Schmidt Coupling made and animated in OnShape

A Schmidt coupling is a type of coupling designed to accommodate large radial displacement between two shafts. Consisting of an arrangement of links and discs—three discs rotating in unison, interconnected in series by three or more links between each pair of discs—a Schmidt coupling can adapt to very wide variations in radial displacement while running under load. Couplings can be made to allow radial displacement greater than twice the radius of the discs.

== History ==
In 1960, NASA commissioned Richard Schmidt of Madison, Alabama, to develop a propulsion system for rockets in zero-gravity environments. One of the solutions suggested was a system of rotating discs with mass points positioned along their circumferences. To power these discs, Schmidt used rotating slider cranks similar to those used to transfer power to the wheels of a steam locomotive.

Similar disc-and-link arrangement had been known to German engineers for some time, but engineers could not make the theory work in practice because they erroneously assumed the center disc would require its own bearing. Schmidt found that the center disc could in fact assume its own center of rotation.

Schmidt further refined the design, creating a coupling system that guarantees a completely true angle of rotation at all times. Additionally, Schmidt's design eliminates the generation of net external forces, as its pushing and pulling forces alternate and overlap in a sinusoidal pattern.

In May 1963, Schmidt applied for a patent for his “coupling for precise angular transmission of rotational motion” at the Munich, Germany, patent office. The company SCHMIDT-KUPPLUNG GmbH was established in 1965 by Richard Schmidt and Walter Haarmann to sell the soon-to-be-patented Schmidt coupling. The patent for the Schmidt coupling, as it came to be known, was granted in February 1967. Schmidt couplings entered the United States coupling market place in 1984 when Zero-Max, Inc. acquired Schmidt Couplings, Inc. SCHMIDT-KUPPLUNG GmbH has entered the Indian market through their channel partner M/s. RSV Industries Private Limited located in Mumbai, India.

== Operation ==
In operation, all three discs of a Schmidt coupling rotate with equal velocity. The bearing-mounted connections of links to discs are spaced 120° apart on same-diameter pitch circles. The distance between the shafts can be varied steplessly between the minimum value and a maximum of twice the length of the links. While the coupling is undulating, there is no phase shift between shafts.

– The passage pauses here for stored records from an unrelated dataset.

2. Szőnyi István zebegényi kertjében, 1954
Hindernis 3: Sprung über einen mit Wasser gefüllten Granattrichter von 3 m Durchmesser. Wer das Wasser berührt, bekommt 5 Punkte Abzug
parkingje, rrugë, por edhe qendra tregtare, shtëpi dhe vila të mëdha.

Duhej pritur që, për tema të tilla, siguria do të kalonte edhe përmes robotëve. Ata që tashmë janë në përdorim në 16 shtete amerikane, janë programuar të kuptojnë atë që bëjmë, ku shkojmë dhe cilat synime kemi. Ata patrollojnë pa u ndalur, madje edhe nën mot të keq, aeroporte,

The constant-velocity relationship between input and output shafts joined by a Schmidt coupling is unaffected by changes in radial displacement. This relationship is similarly unaffected by initial radial reaction forces which could otherwise imbalance the system.

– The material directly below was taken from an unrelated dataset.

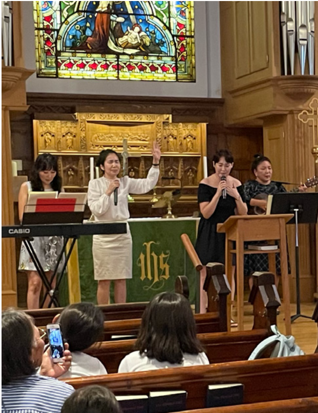
Le groupe de musique de l'Église Living word Geneva .

mais pour exprimer sa gratitude et partager sa vie avec les autres. « Par exemple, lorsque des proches meurent en Mongolie, nous nous réconfortons mutuellement et nous collectons un peu d'argent pour les funérailles. »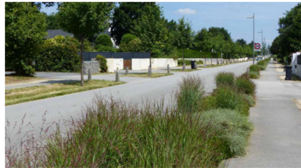
Platebande en rive de chaussée

Schmidt couplings maintain constant velocity between the input and output shafts while the shafts undergo radial shifts in their relative positions.

If a Schmidt coupling is operating at high speed the shafts must never become close to co-linear; when co-linear the lateral position of the middle disc is no longer fixed and it is free to oscillate around the shafts, causing extreme vibration in some situations.

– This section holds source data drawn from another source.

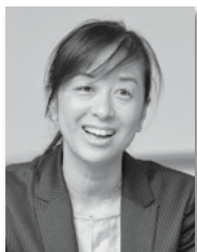
学校教育部指導課 指導主事

千葉県内の公立中学校教諭、教頭、流山市教育委員会指導主事などを経て、2016年度から現職。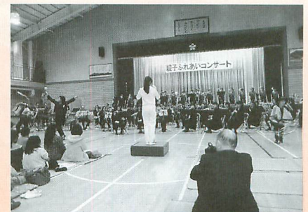
昨年度の『親子ふれあいコンサート』の様子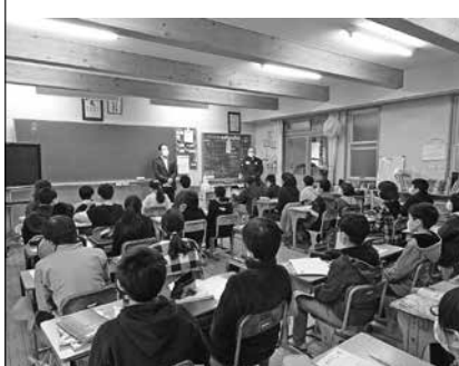
2020.1.31 新谷小学校 (32名対象)

税金DVDを見て、税金のある生活と税金のない生活について比較しながら勉強していきます。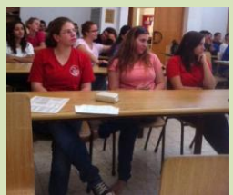
100% מהנוער שלנו מצהיר – שנת שירות לפני צבא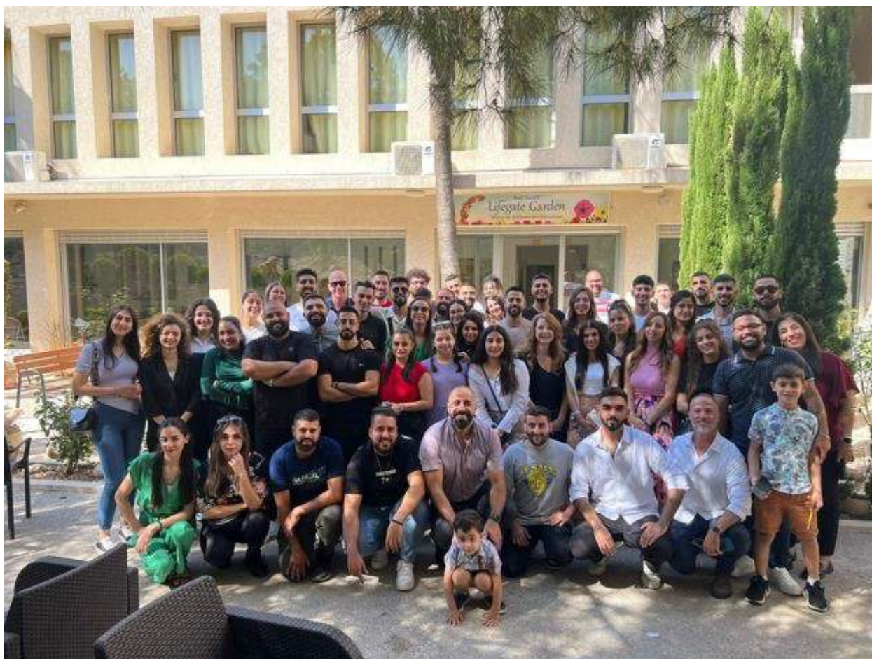
„Young Life“ (Junges Leben) lokale Christen zu Gast in unserem Gästehaus

== Schmidt coupling types ==
Schmidt couplings have been refined to come in several coupling designs, including the following:

Offset Couplings: Schmidt couplings which transmit constant angular velocity and torque in a wide range of parallel shaft misalignment.

Semi flex Couplings: Semiflex coupling is a torsionally stiff and restoring-force-free precision coupling. In addition to the compensation of axial and angular displacements, it provides high radial displacement capacity together with compact design

Inline Couplings: Schmidt couplings which accommodate small parallel shaft misalignment at constant angular velocity.

Control flex Couplings: Control flex is a precision coupling designed to meet the mechanical and metrological requirements of encoders. Through its unique function element, the compact shaft encoder coupling combines extremely low restoring force and low stress on the encoder bearings with constant angle-synchronous transmission of the rotary movement

5D Couplings: Schmidt couplings which provide parallel shaft misalignment and a ±5° angular misalignment with moderate axial shaft displacement capabilities.